Öte yandan HBO çizgisine yakın oyuncu Disney+ kitleleri yakalayacak gibi gözüküyor. Daha sınırlı ülkede var olmasına rağmen 10 ayda 60,5 milyon abone çizgisini geçti. Bunda çocuklara yönelik olağanüstü bir Disney back catalog, Star Wars ve Marvel’ın gücü yadsınamaz. İyi bir fiyatlandırma ile yapılan lansman da kısa vadede Netflix’in rakamlarına yaklaşmasını mümkün görülüyor.
Netflix 193 milyon para ödeyen aboneye sahip ve son yıldaki büyüme oranı yüzde 27,3.
Primetime TV’ye rakip olabilecek iki oyuncu Netflix ve Disney.
Dakika maliyeti 2-3 bin USD’ları geçmeyen Türk dizi endüstrisi platformlar için biçilmiş kaftan. Birçok Netflix yetkilisi “Muhafız” kelimesini dilinden düşürmüyor. Sırada onlarca dizi ve program var. Yayına girdiklerinde oluşacak bulut birçok ailenin primetime keyfini buraya kaydıracak.

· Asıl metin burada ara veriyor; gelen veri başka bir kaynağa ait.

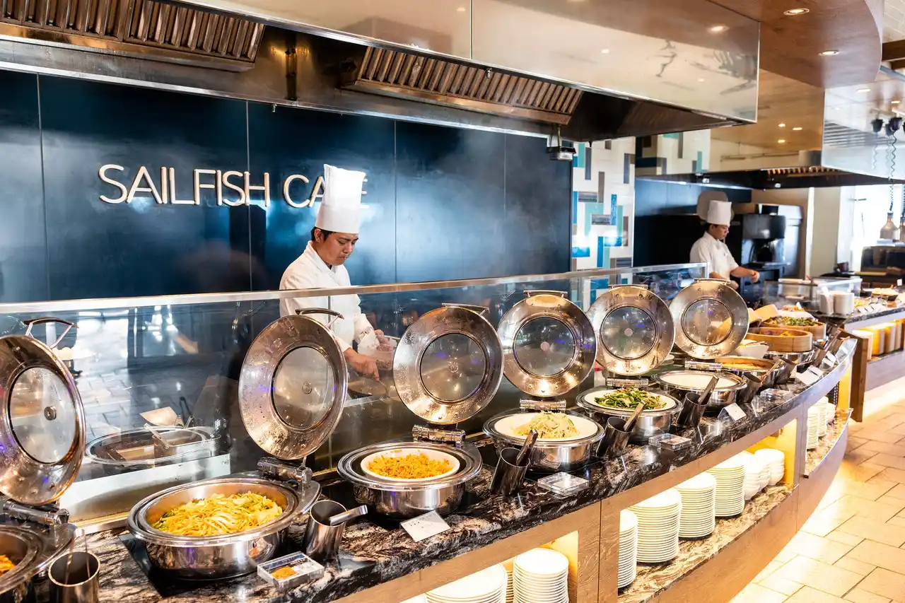 「ありがとう」の気持ちを込めて、65歳以上の方は2日前までのご予約でサンキュー390円割引にて、お楽しみいただけます。海風を感じるブッフェレストラン「セイルフィッシュカフェ」では、9月13~15日の3日間限定で「和・洋・中」のスペシャルブッフェ料理をお召し上がりください。 |
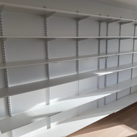 Elfa vägghängt hyllsystem med vita hyllplan och skåp nertill.

Pandemi döneminin de bu platformlara yaradığı açık.
10 milyon, evreninizin çoğunluğu demek
Haziran ayında kitlelerin sokaklara dönmesi ile ulusal kanallardaki izlenme oranları normale döndü. Ama bu platformlara geçenlerde geri dönüş sinyali gelmiyor.

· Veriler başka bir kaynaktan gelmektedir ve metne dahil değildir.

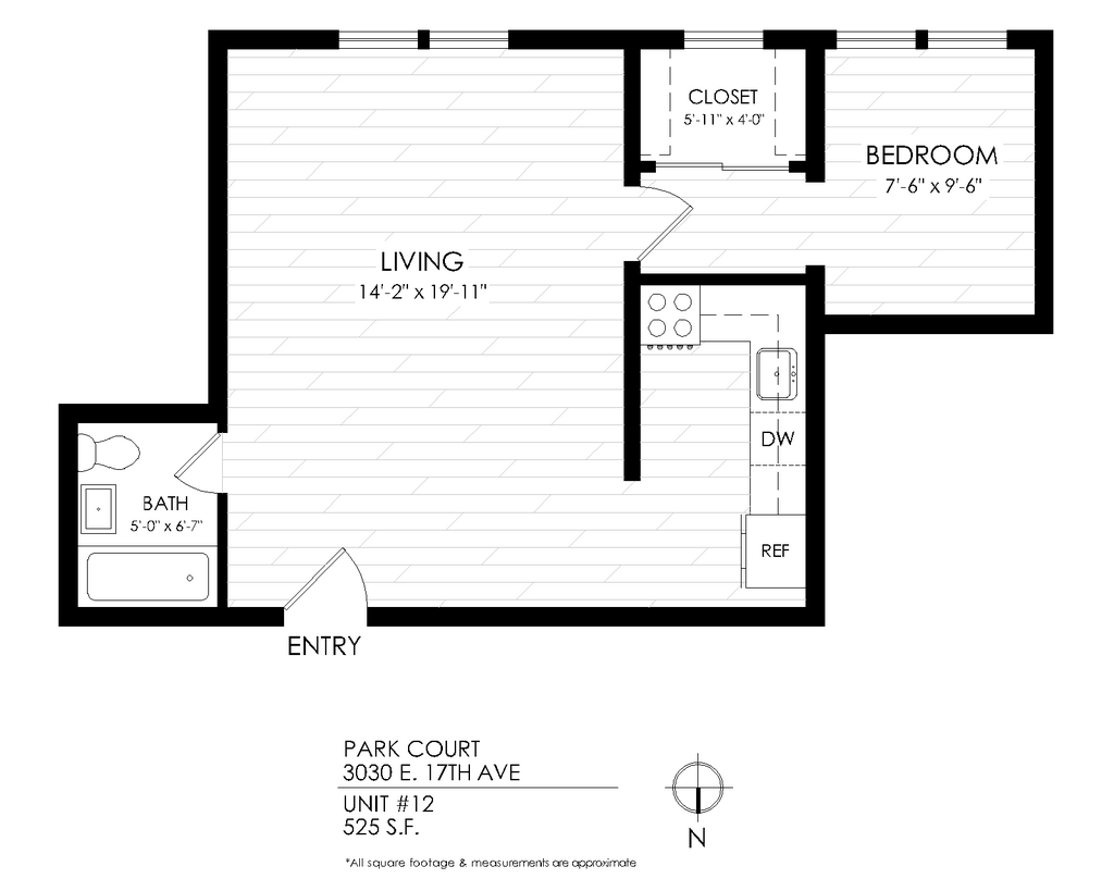 Studio-Hardwood - Floorplan 1 Studio

Özetle, öngörülerimizde değişen bir şey yok. Hatta pandemiyle dönüşüm daha da hızlandı.
Dönüşüm kaçınılmaz. Önümüzdeki beş yıl içinde de bunu yakından göreceğiz.
Öğrencilerden ailelere kadar ayda 10’ar lira vererek Netflix alan ailelerin yanına ayda 7,9 liraya Amazon Prime geldi. Prime avantajlarının yanı sıra Prime Video’nun içinde hiç de fena bir katalog yok. Üstelik yakında Lord of the Rings dizisi gibi mega projeler de bu ekranda olacak.

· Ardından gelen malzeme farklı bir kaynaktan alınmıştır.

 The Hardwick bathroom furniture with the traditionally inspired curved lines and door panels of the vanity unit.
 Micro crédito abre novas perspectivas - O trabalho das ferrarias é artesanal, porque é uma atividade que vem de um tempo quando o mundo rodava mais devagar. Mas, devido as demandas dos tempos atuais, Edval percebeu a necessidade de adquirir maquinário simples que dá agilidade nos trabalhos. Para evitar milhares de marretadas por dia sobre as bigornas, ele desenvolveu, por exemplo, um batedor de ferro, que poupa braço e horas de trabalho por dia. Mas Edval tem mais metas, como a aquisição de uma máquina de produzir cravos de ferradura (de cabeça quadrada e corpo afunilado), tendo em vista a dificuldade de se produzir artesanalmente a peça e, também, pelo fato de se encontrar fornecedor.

Netflix yukarıda anlattığımız gibi. Disney+ da çok uzakta değil.
“Bu platformları toplasan Türkiye’de en fazla 10 milyon kişi izler. Tematik kanallar gibi bir şey olacak” diye düşünenleriniz olabilir.
Petit beurre bisküvi satmıyorsanız bu 10 milyon zaten toplam müşteri evreninizin çoğunu oluşturuyor.
Streaming platformlar bir yana, sosyal medyada Instagram, Youtube ikilisinde sürekli fikir liderleri ve uzmanları ya da nam-ı diğer “Organik Medya’yı tüketiyorlar.
Peki, beş sene içerisinde bu kitlelerin medya tüketimi nasıl şekillenir? Beş sene içinde markaların ne yapması gerekir?
Konu Emmy’de hangi dizi ödül aldı tartışmasından çok daha derin aslında.